In the early 1980s, McCullough-Starks was helped along her path to college by the McKinley College Preparation and Placement Program, where she worked closely with a counselor to narrow down her top school selections, complete her college applications and navigate the tricky financial aid system. Nowadays, she is responsible for helping others find pathways to success through her role as the director of external affairs at AT&T in Chicago.
“There’s such intrinsic value in helping people. It makes me feel like I’ve come full circle,” said McCullough-Starks, who oversees AT&T’s philanthropic partnerships and community outreach in the Chicago metropolitan area.
The telecommunications giant, which counts education as one of its core philanthropic priorities, recently awarded Ada S. McKinley Community Services a $5,000 Investing in Illinois Grant to support the College Prep Program. Naturally, it’s a cause that McCullough-Starks considers near and dear to her own heart.

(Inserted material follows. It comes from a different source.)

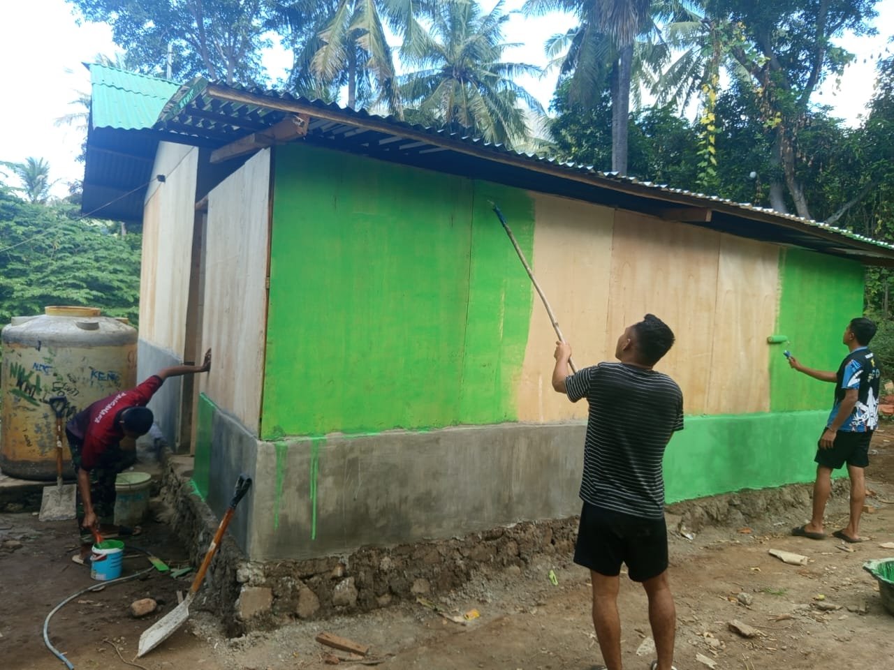 Pengecatan rumahnya menandai hampir selesainya pembangunan RTLH yang dilaksanakan Satgas TMMD. Florianus berharap kebaikan yang diterimanya dapat dibalas Tuhan kepada seluruh anggota TNI yang telah bekerja keras.
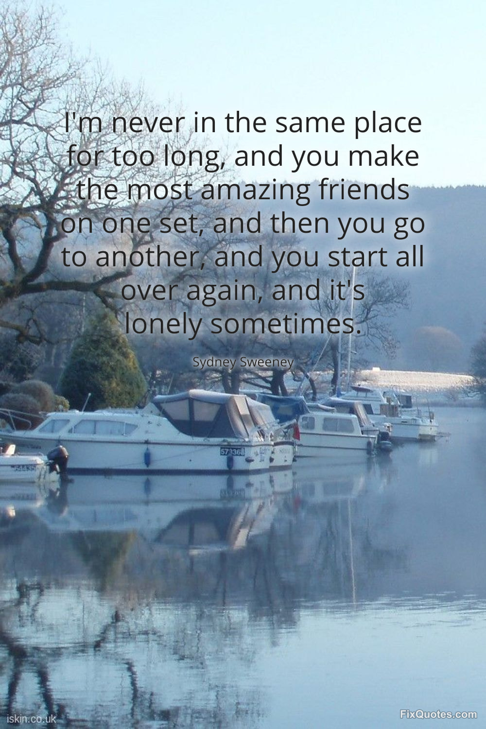 Sweeney, Sydney. (2026, January 11). I'm never in the same place for too long, and you make the most amazing friends on one set, and then you go to another, and you start all over again, and it's lonely sometimes. FixQuotes. https://fixquotes.com/quotes/im-never-in-the-same-place-for-too-long-and-you-183760/

“It’s so meaningful for me to be able to support McKinley. I know firsthand the important work they do—not only am I the first person in my immediate family to graduate from college, I am also the very first person on my mother’s side of the family to graduate from college.”
It was McCullough-Starks’ mother who was responsible for propelling her daughter to enroll in higher education. “My father passed away when I was a sophomore in high school,” recalled McCullough-Starks, who grew up as the youngest of three children on the South Side of Chicago.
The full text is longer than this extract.